— EXERCISE REQUIREMENTS —
Please keep pictures out of the copy, and print exactly the lines from the one containing "- Il documento" through the end of the records.

(Source data)
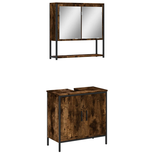 Møbelsæt Til Badeværelse 2 Dele Konstrueret Træ Brunt Egetræ
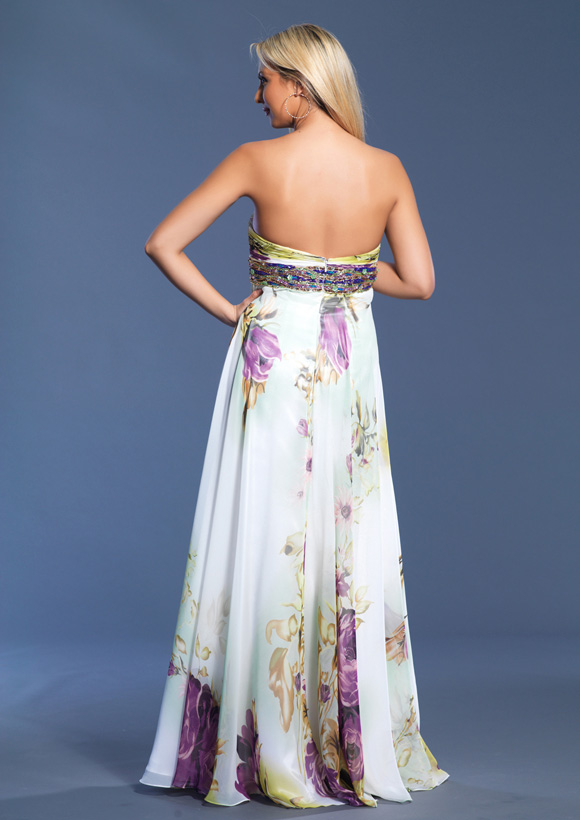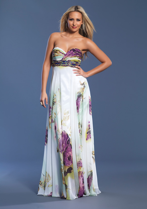 Dave and Johnny style 6998. Strapless dress with a shirred sweetheart neckline and a beaded empire waistline. This dress has a back zipper.As advertised from the manufacturer: www.Daveandjohnny.com.
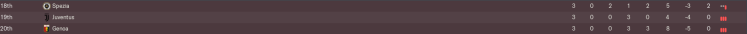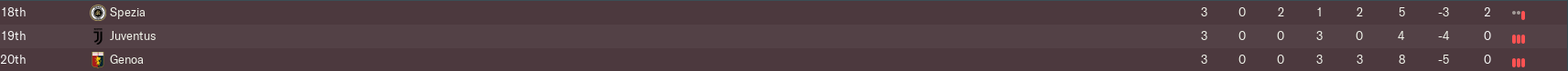 All that means we’re the only team in the division yet to have conceded a goal this season. Conversely, Juventus are the only side who haven’t yet scored. Let me take a screenshot of the relegation zone for prosperity, as I’ve a feeling I might not get another chance:
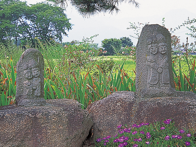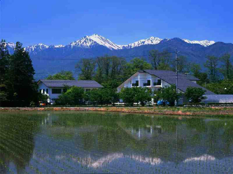 ロダンの彫刻に強い影響を受け、躍動感あふれる作風により日本近代彫刻の扉を開いた荻原守衛[もりえ](碌山)の、『女』『文覚』など全彫刻作品や絵画を収蔵する美術館。交友のあった高村光太郎、戸張孤雁[とはりこがん]、中原悌二郎[ていじろう]の作品も展示。キリスト教精神に生き、30歳で夭折した碌山を偲び、昭和33年(1958)に建設された本館は教会風のレンガ造り。庭の木立とあわせ、安曇野の象徴的風景として知られる。所要40分。碌山館(本館)は登録有形文化財。『女』『北條虎吉像』は重要文化財。
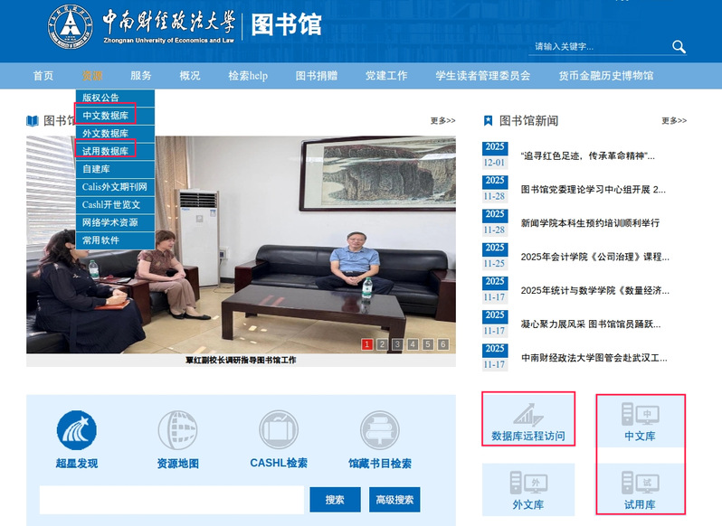 数据库访问方式:在校园网环境下,点击图书馆主页上方导航栏“资源”→“中文数据库”或“试用数据库”,或者点击图书馆主页右下方“中文库”或“试用库”;在非校园网环境下,点击图书馆主页右下方“数据库远程访问”后进行统一身份认证,就可以在中文数据库及试用数据库列表中按照数据库名称找到相应数据库。
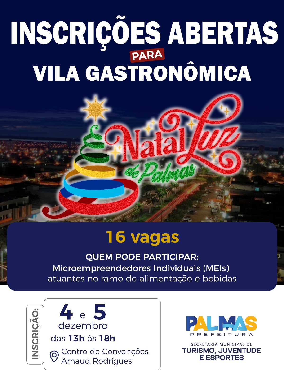 A Prefeitura de Palmas, por meio da Secretaria Municipal de Turismo, Juventude e Esportes, inicia nesta quinta-feira, 4, o período de inscrições para microempreendedores interessados em participar da Vila Gastronômica do Natal Luz de Palmas, que ocorrerá no Parque Cesamar. O edital de seleção foi publicado no Diário Oficial do Município desta quarta-feira, 3.
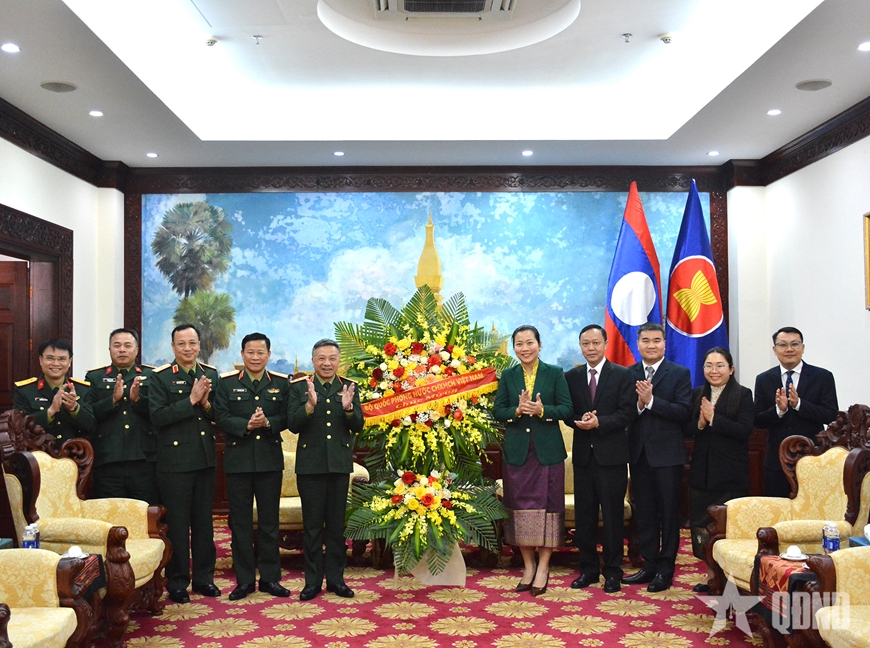 Đoàn đại biểu Bộ Quốc phòng Việt Nam chúc mừng nhân dịp kỷ niệm 70 năm Ngày thành lập Đảng Nhân dân Cách mạng Lào. Ảnh: qdnd.vn |
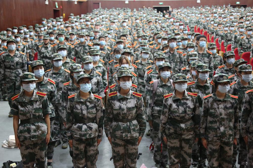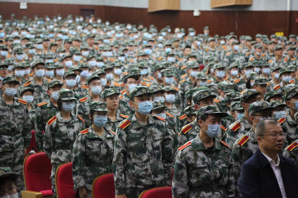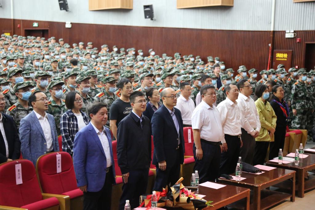 正在台上激情演讲的便是中南大学湘雅二医院副院长徐军美教授。这位武汉方舱战疫的英雄正在用亲身经历给谈球吧2020级千余名身着军装的新生进行入校教育。
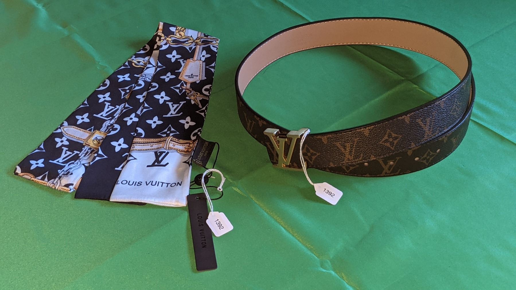 The Louis Vuitton Bandeau in Monogram Confidential, and the Louis Vuitton Initiales in Monogram. Minor wear on each. Used, in great condition.
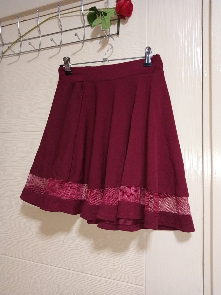 Bordo renkli, pilili ve bol kesim kadın mini etek. Sentetik kumaştan üretilmiş, etek ucu tül detaylıdır. Günlük sokak stili için uygundur.
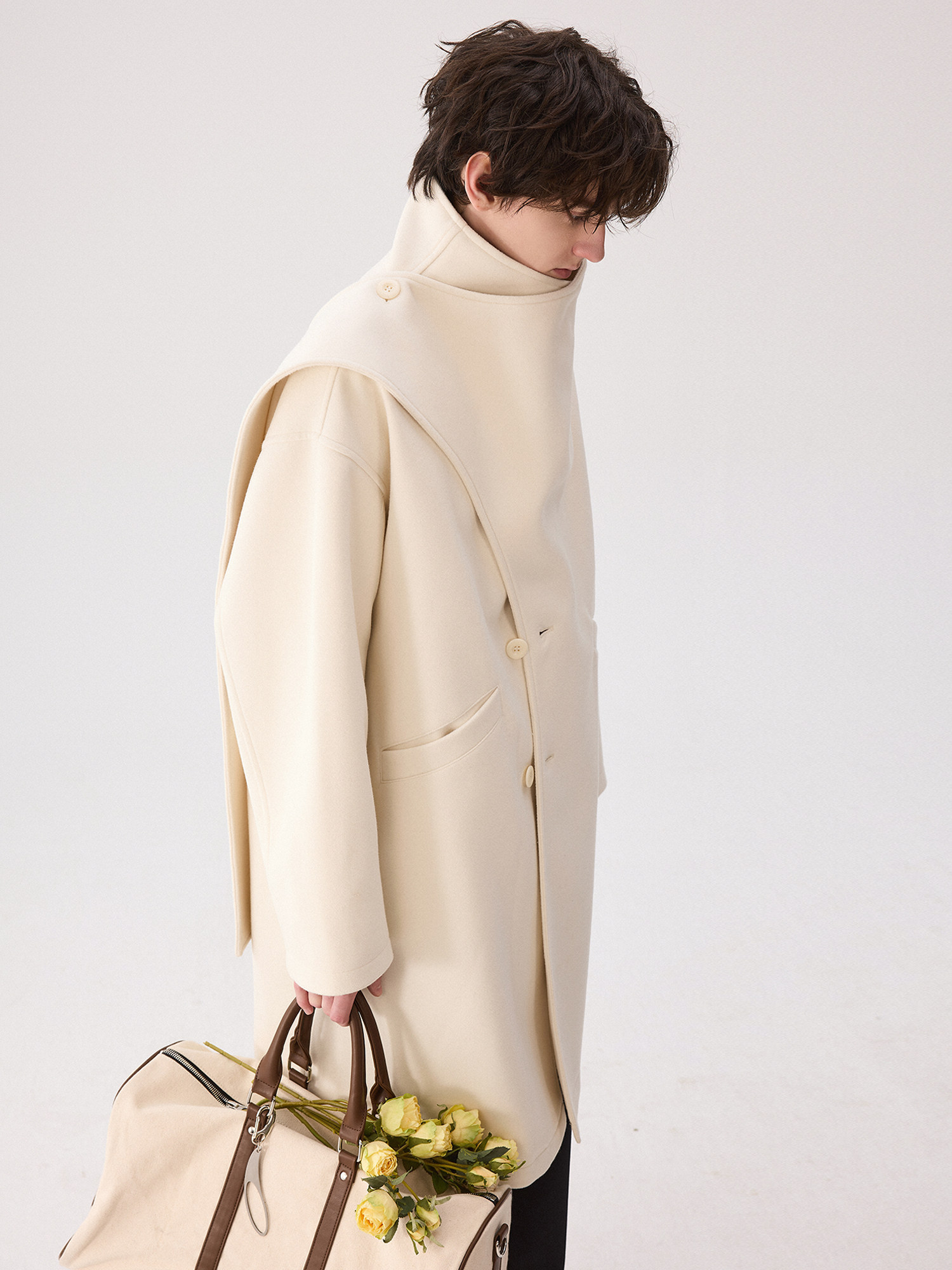 Chicerro Sicilian Men's Winter Designer One-Piece Scarf Wool Long Coat Trendy Men's Outerwear
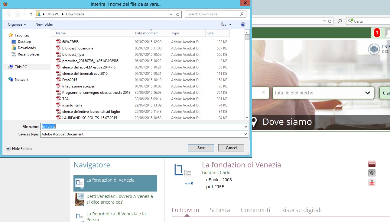 - Il documento non è disponibile nella biblioteca scelta; in questo caso, il sistema proporrà copia analoga del documento, se presente in un’altra biblioteca:
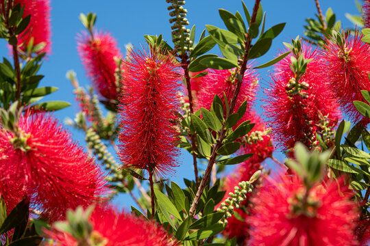 Bright red bottlebrushes flowers or callistemon plant under blue sky in afternoon summer sun.Bees on gorgeous bottlebrush flowers.

— EXERCISE SOLUTION —
 - Il documento non è disponibile nella biblioteca scelta; in questo caso, il sistema proporrà copia analoga del documento, se presente in un’altra biblioteca:
 Bright red bottlebrushes flowers or callistemon plant under blue sky in afternoon summer sun.Bees on gorgeous bottlebrush flowers.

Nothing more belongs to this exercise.